>>>
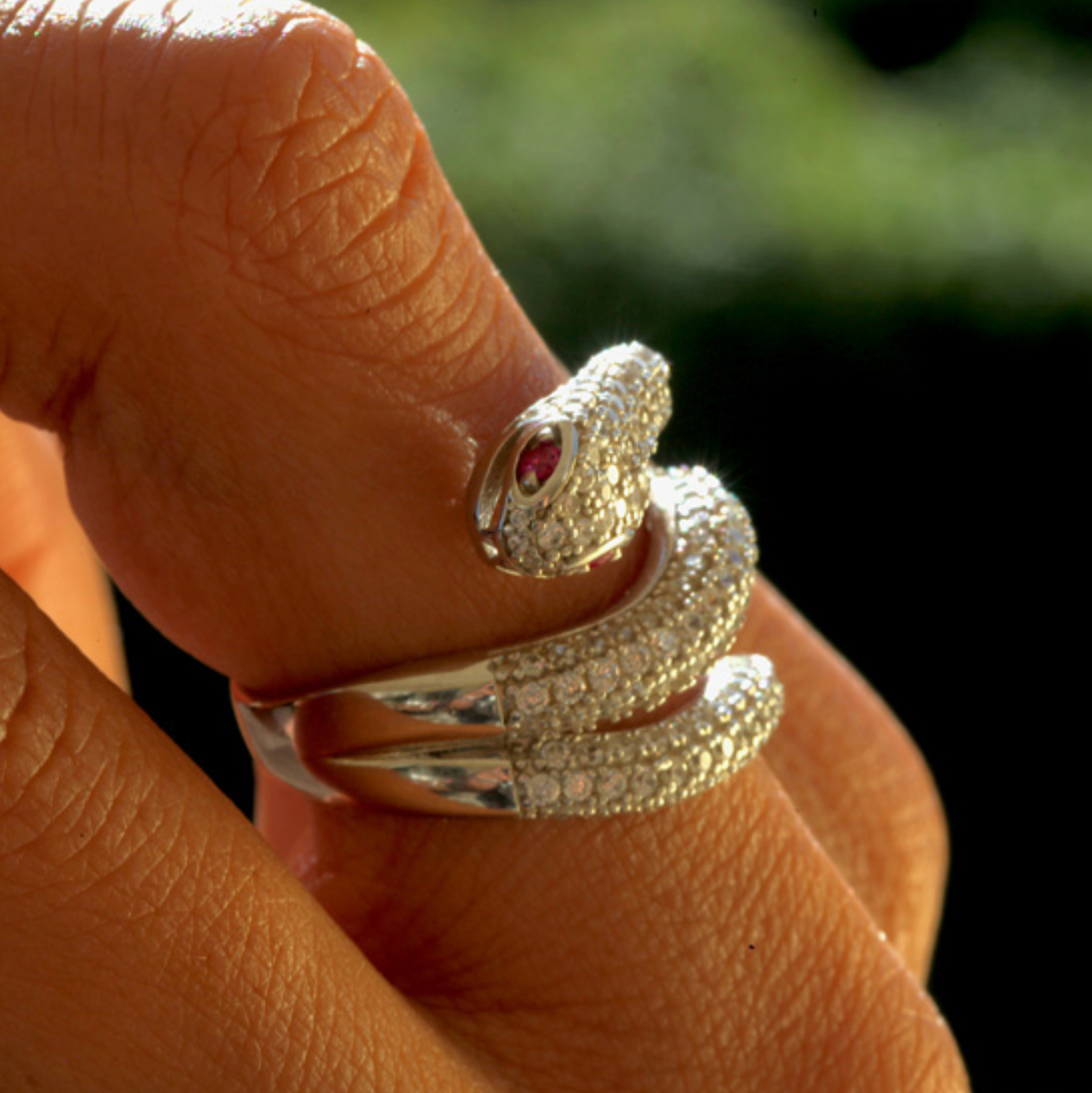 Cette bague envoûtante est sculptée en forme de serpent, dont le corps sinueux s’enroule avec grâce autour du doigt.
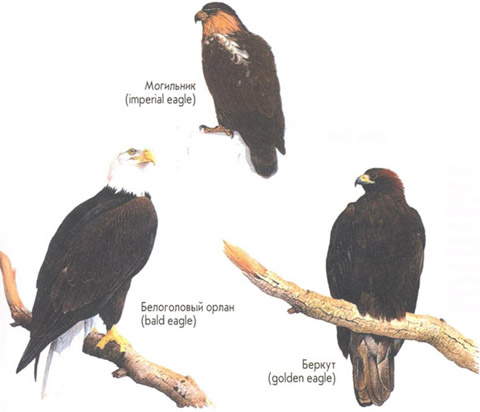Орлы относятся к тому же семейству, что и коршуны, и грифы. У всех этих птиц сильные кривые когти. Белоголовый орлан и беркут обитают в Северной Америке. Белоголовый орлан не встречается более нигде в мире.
<<<
>>>
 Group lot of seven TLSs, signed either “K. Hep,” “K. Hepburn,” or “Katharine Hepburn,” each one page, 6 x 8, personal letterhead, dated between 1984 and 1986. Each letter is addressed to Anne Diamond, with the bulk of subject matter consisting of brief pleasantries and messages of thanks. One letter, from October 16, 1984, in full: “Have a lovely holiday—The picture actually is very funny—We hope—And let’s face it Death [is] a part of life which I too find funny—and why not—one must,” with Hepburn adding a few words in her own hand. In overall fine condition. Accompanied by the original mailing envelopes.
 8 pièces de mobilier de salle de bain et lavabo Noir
<<<
>>>
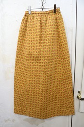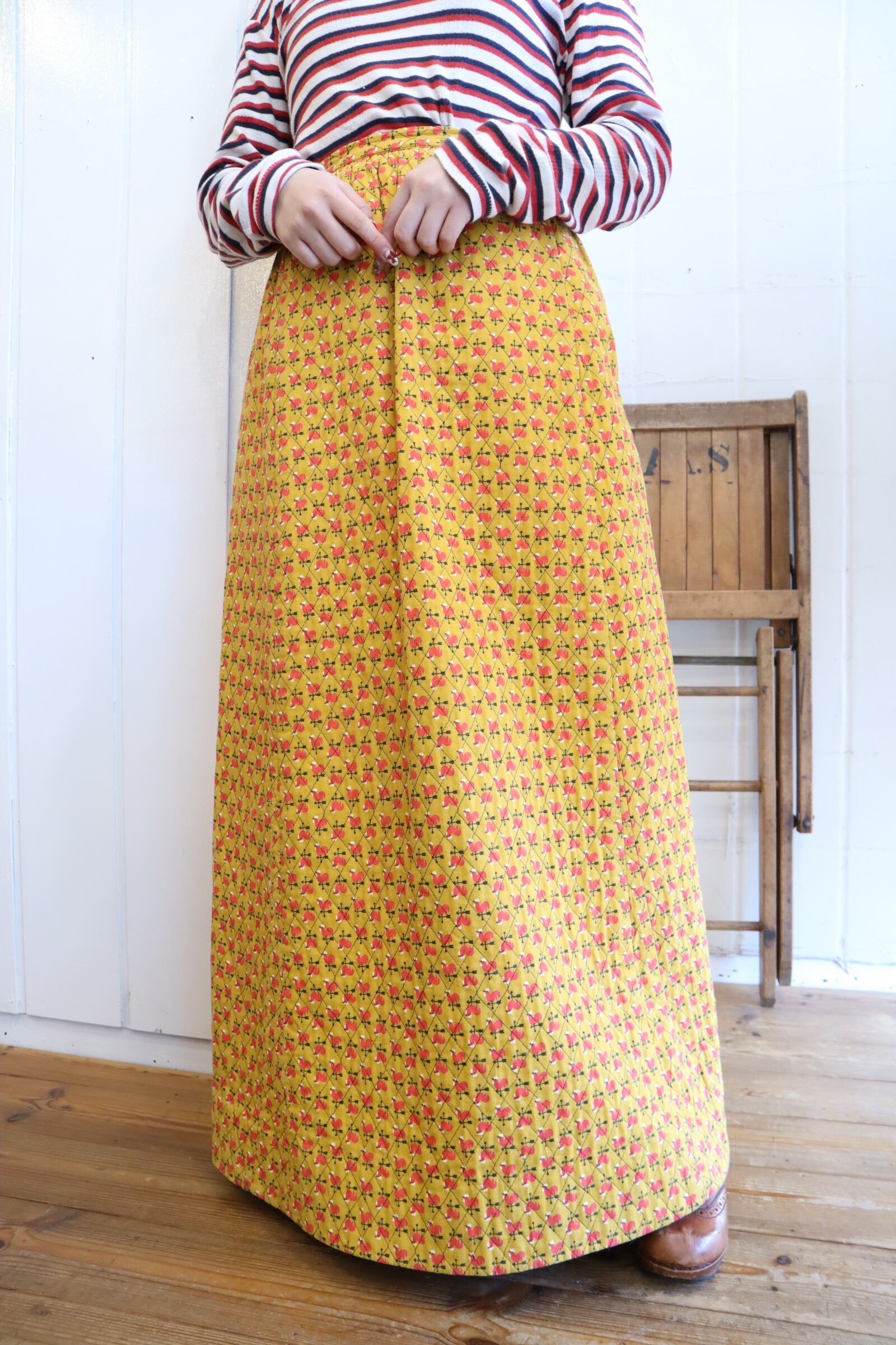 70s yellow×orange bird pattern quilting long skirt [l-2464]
<<<
__TASK OBJECTIVE__. Go through the material above and output exactly the lines from the one containing "Group lot of" through the one containing "8 pièces de".

__SOLUTION FOR THIS EXERCISE__.
 Group lot of seven TLSs, signed either “K. Hep,” “K. Hepburn,” or “Katharine Hepburn,” each one page, 6 x 8, personal letterhead, dated between 1984 and 1986. Each letter is addressed to Anne Diamond, with the bulk of subject matter consisting of brief pleasantries and messages of thanks. One letter, from October 16, 1984, in full: “Have a lovely holiday—The picture actually is very funny—We hope—And let’s face it Death [is] a part of life which I too find funny—and why not—one must,” with Hepburn adding a few words in her own hand. In overall fine condition. Accompanied by the original mailing envelopes.
 8 pièces de mobilier de salle de bain et lavabo Noir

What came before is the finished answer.